- [RECORDS FOR THIS TASK]:

Start of Block

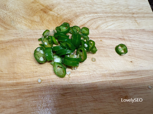 양파는 채 썰고 청양고추도 썰어줬어요.
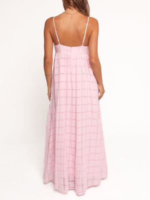 Clothing factory | Pink strap maxi dress | High-waisted A-line dress | Beach vacation dress | Cotton
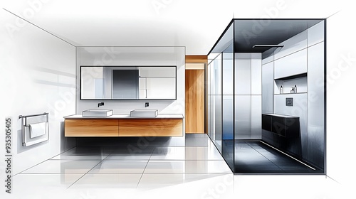 Architectural hand-colored sketch of a bathroom interior, focusing on detailed fixtures and subtle shading, with a modern design influence, copy space for text,
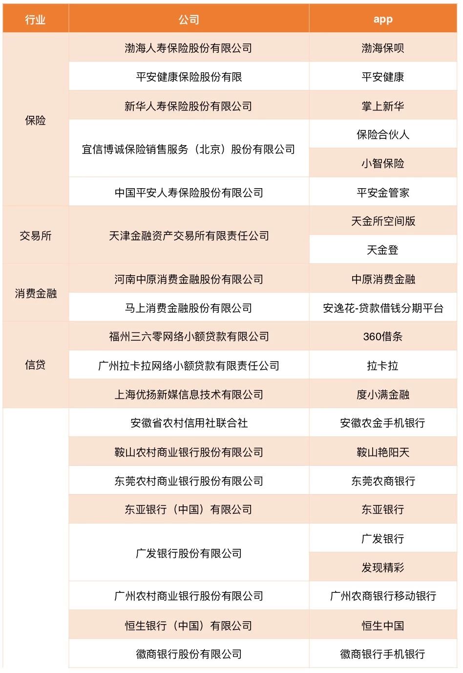 例如,根据中国人民银行 (银发〔2019〕237号)文件,消费金融公司、信贷公司、交易所并不在本次备案范围,但是均出现在协会披露的备案名单中。这些公司分别是马上消费金融(App:安逸花-贷款借钱分期平台)、河南中原消费金融(App:中原消费金融)、福州三六零网络小额贷款有限公司(App:360借条)、广州拉卡拉网络小额贷款有限责任公司(App:拉卡拉)、上海优扬新媒信息技术有限公司(App:度小满金融)和天津金融资产交易所有限责任公司(App:天金所空间版)。
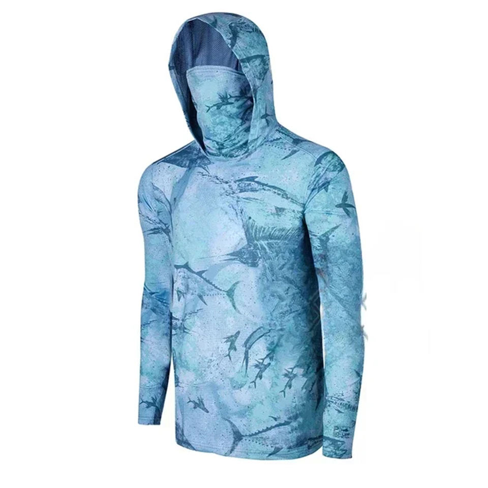 Sudadera con capucha de pesca de rendimiento de manga larga con máscara facial Protección solar integrada Diseño personalizado de secado rápido para pescadores y Deportes
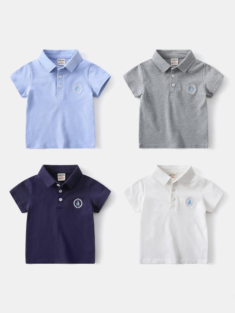 Polo de Manga Curta Estilo Coreano para Crianças - Camiseta de Algodão de Verão para Meninos
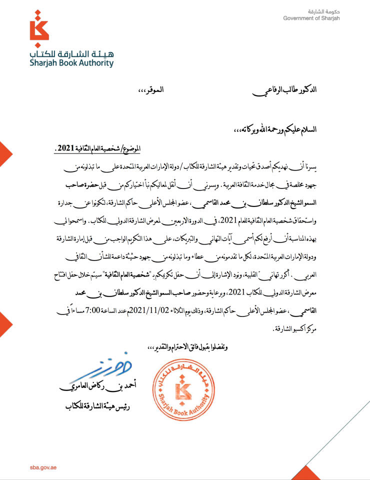 صورة ضوئية من خطاب تسمية الرفاعي شخصية العام الثقافي
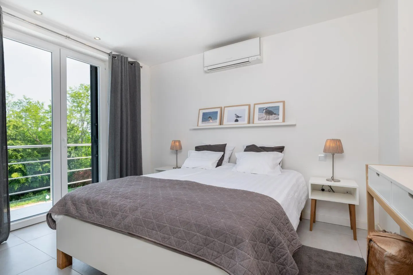 At the heart of the home, you will find a comfortable lounge area with sofa seating, armchairs, a dining area with dining table, and entertainment options including a 44–55" satellite TV with international digital channels, Wi-Fi internet (from 25 Mbit/s), games, and a PlayStation 3. The kitchen is designed for self-catering with an induction hob, electric oven, microwave, dishwasher, fridge with freezer compartment, toaster, kettle, mixer, food processor, kitchen machine, egg cooker, sandwich toaster, cookware, and full crockery and cutlery. For coffee lovers, a Senseo espresso machine and a coffee machine are provided, along with spices and dish towels.
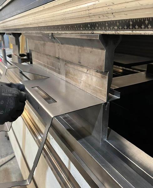 O suporte permite o manuseio sem esforço de sistemas de fixação de ferramentas de até 300 mm (XLTbend) e 400 mm (MEGAbend) para a produção de gabinetes ou caixas metálicas de grande altura, mesmo com chapas espessas.
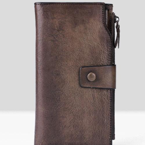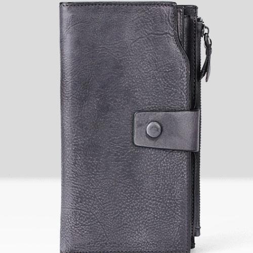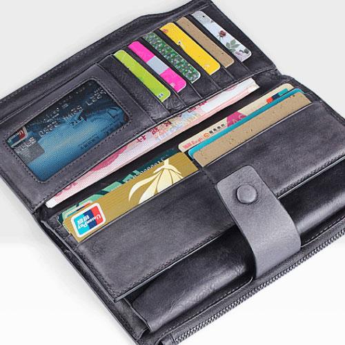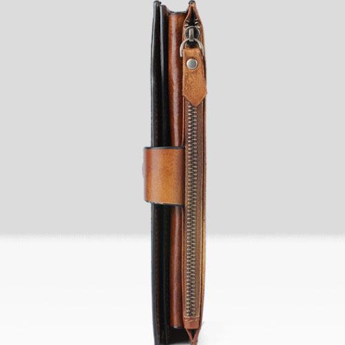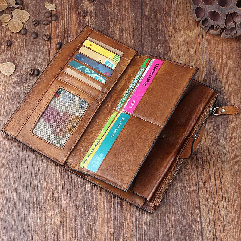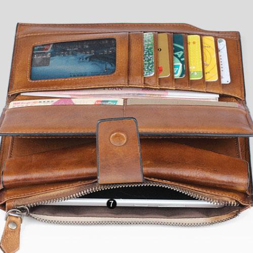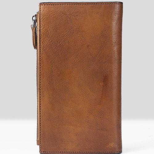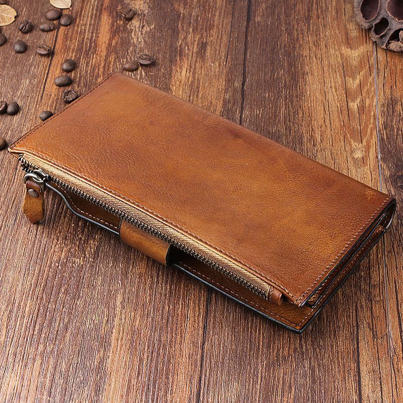 Design: Handmade Leather Mens Cool Long Leather Wallet Wristlet Clutch Wallet for Men
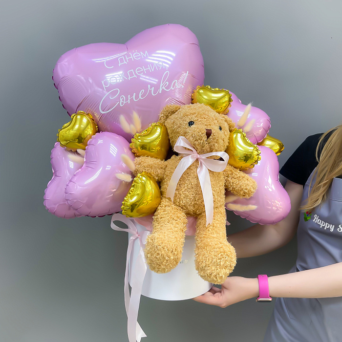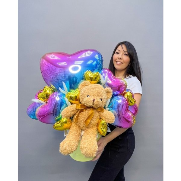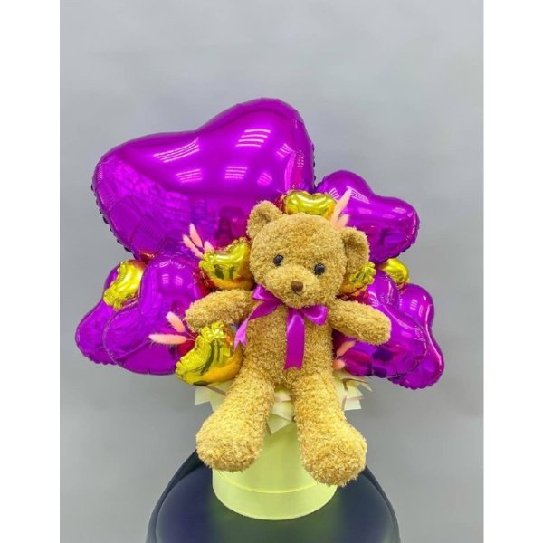 Композиция из воздушных шаров с мягкой игрушкой Сет 879

End of Block

- [WHAT IS EXPECTED]:
Any pictures above are to be left out. Retype the rest of the records exactly.

- [SOLUTION]:
 양파는 채 썰고 청양고추도 썰어줬어요.
 Clothing factory | Pink strap maxi dress | High-waisted A-line dress | Beach vacation dress | Cotton
 Architectural hand-colored sketch of a bathroom interior, focusing on detailed fixtures and subtle shading, with a modern design influence, copy space for text,
 例如,根据中国人民银行 (银发〔2019〕237号)文件,消费金融公司、信贷公司、交易所并不在本次备案范围,但是均出现在协会披露的备案名单中。这些公司分别是马上消费金融(App:安逸花-贷款借钱分期平台)、河南中原消费金融(App:中原消费金融)、福州三六零网络小额贷款有限公司(App:360借条)、广州拉卡拉网络小额贷款有限责任公司(App:拉卡拉)、上海优扬新媒信息技术有限公司(App:度小满金融)和天津金融资产交易所有限责任公司(App:天金所空间版)。
 Sudadera con capucha de pesca de rendimiento de manga larga con máscara facial Protección solar integrada Diseño personalizado de secado rápido para pescadores y Deportes
 Polo de Manga Curta Estilo Coreano para Crianças - Camiseta de Algodão de Verão para Meninos
 صورة ضوئية من خطاب تسمية الرفاعي شخصية العام الثقافي
 At the heart of the home, you will find a comfortable lounge area with sofa seating, armchairs, a dining area with dining table, and entertainment options including a 44–55" satellite TV with international digital channels, Wi-Fi internet (from 25 Mbit/s), games, and a PlayStation 3. The kitchen is designed for self-catering with an induction hob, electric oven, microwave, dishwasher, fridge with freezer compartment, toaster, kettle, mixer, food processor, kitchen machine, egg cooker, sandwich toaster, cookware, and full crockery and cutlery. For coffee lovers, a Senseo espresso machine and a coffee machine are provided, along with spices and dish towels.
 O suporte permite o manuseio sem esforço de sistemas de fixação de ferramentas de até 300 mm (XLTbend) e 400 mm (MEGAbend) para a produção de gabinetes ou caixas metálicas de grande altura, mesmo com chapas espessas.
 Design: Handmade Leather Mens Cool Long Leather Wallet Wristlet Clutch Wallet for Men
 Композиция из воздушных шаров с мягкой игрушкой Сет 879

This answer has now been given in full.